== Segment start ==
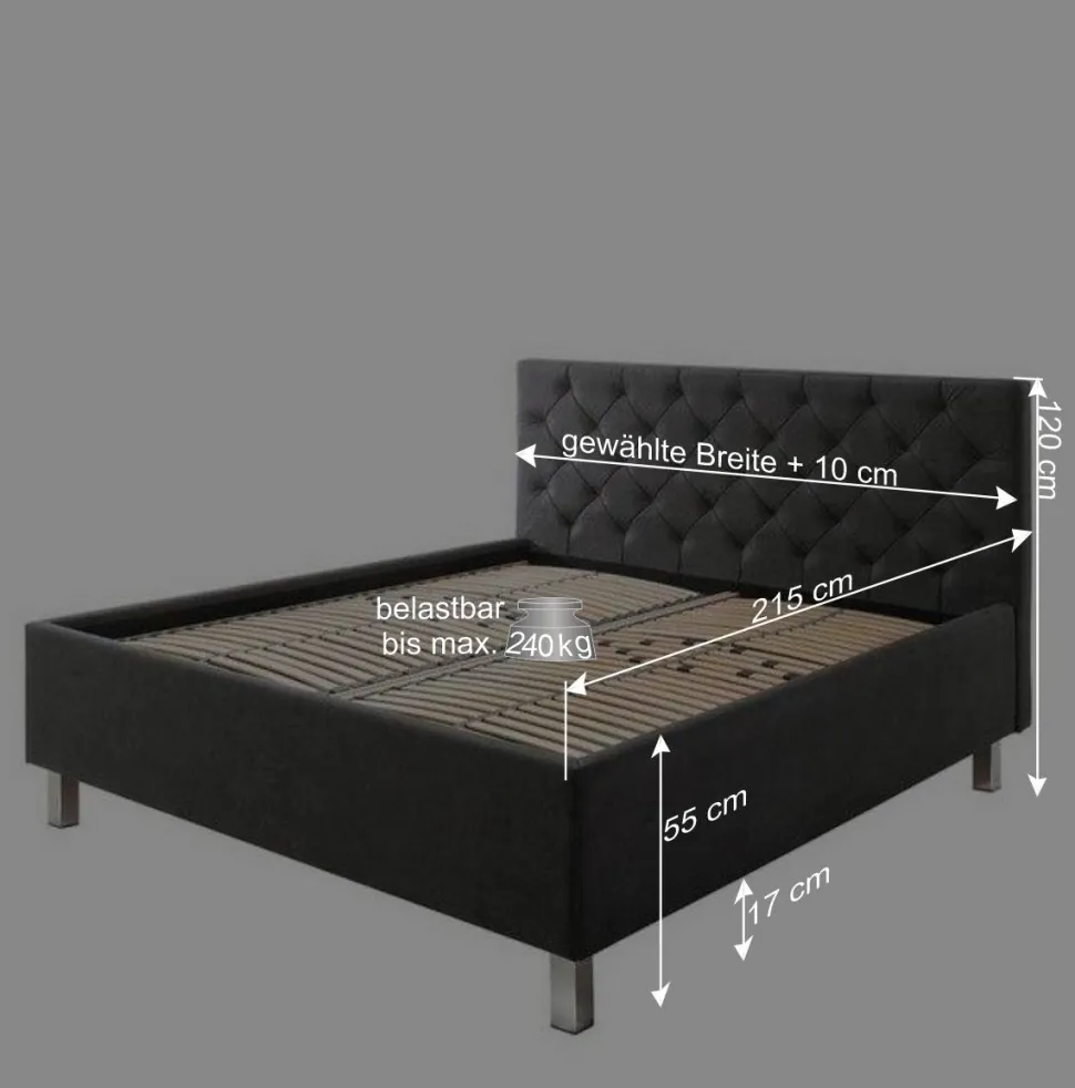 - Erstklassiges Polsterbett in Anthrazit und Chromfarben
== Segment end ==
== Segment start ==
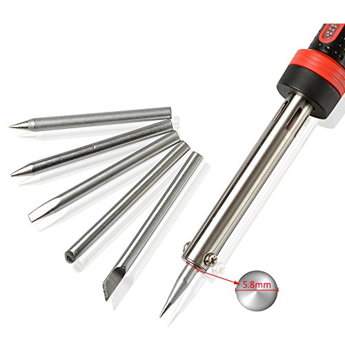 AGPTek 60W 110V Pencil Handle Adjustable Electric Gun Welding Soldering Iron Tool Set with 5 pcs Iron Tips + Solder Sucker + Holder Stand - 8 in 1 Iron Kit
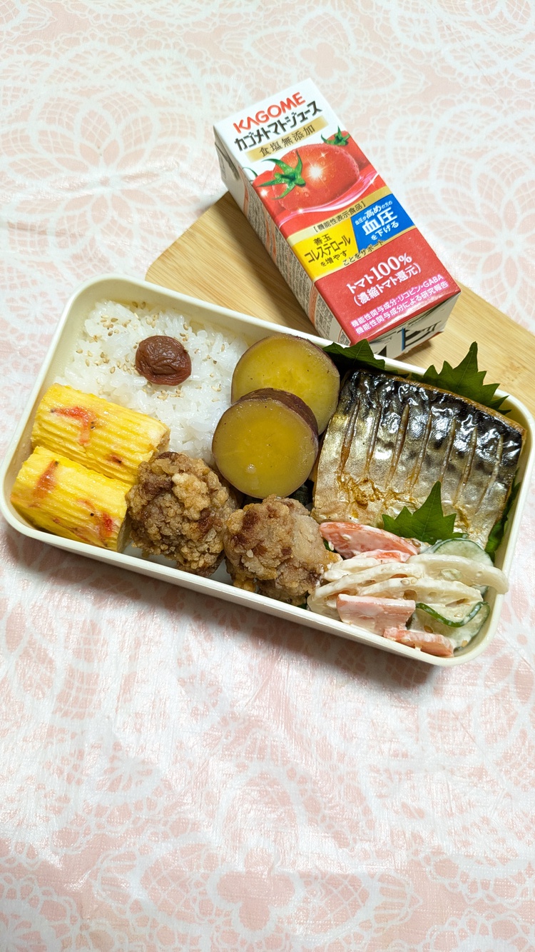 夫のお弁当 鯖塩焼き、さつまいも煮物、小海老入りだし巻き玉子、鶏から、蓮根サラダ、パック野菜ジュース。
== Segment end ==
What to work on: Would you copy out, exactly and with no pictures, only the lines above from the one that contains "AGPTek 60W 110V" through the one that contains "夫のお弁当 鯖塩焼き、さつま"?

Task output:
 AGPTek 60W 110V Pencil Handle Adjustable Electric Gun Welding Soldering Iron Tool Set with 5 pcs Iron Tips + Solder Sucker + Holder Stand - 8 in 1 Iron Kit
 夫のお弁当 鯖塩焼き、さつまいも煮物、小海老入りだし巻き玉子、鶏から、蓮根サラダ、パック野菜ジュース。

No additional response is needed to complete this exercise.